Two decades ago, construction workers discovered a cache while digging a foundation for a school in Qingzhou city in East China's Shandong province. Then, archaeologists found it belonged to a relic site of the Longxing Temple that was built around the fifth century and demolished some 800 years later.
The archaeologists were surprised to find that an art trove had survived underground for centuries. They unearthed several hundred Buddhist images that were made of various materials and traced back from the Northern Wei (AD 386-534) to the Northern Song (960-1127) dynasties.
The richness of Qingzhou's storage pit of Buddhist statues shocked the country, too.
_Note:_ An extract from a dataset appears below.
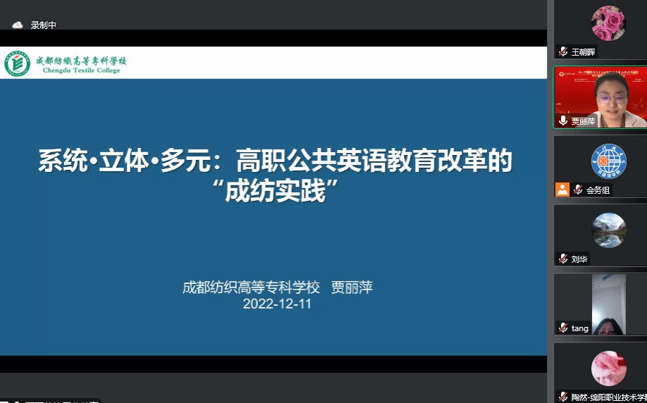 12月10日,四川省高等教育学会高校外语专委会2022年年会暨外语学科发展论坛研讨会在电子科技大学召开,来自全省各高校的300多名代表在线参会。我校文旅学院王朝晖教授应邀作主题报告,贾丽萍老师代表我校作交流发言。

The discovery was ranked among the top 10 archaeological findings of 1996 in an annual, nationwide evaluation backed by the State Administration of Cultural Heritage since 1990.
Since the discovery, the statues have been widely exhibited, delighting audiences at home and abroad, and information on them has been included in many textbooks on art history.
Now 50 sculptures from the Qingzhou cellar are on display at the Central Academy of Fine Arts, as part of a special exhibition for the 34th World Congress of Art History, held in Beijing from Friday to Sept 20. Visitors are bound to be overwhelmed by the statues' smiles as well as their clothes.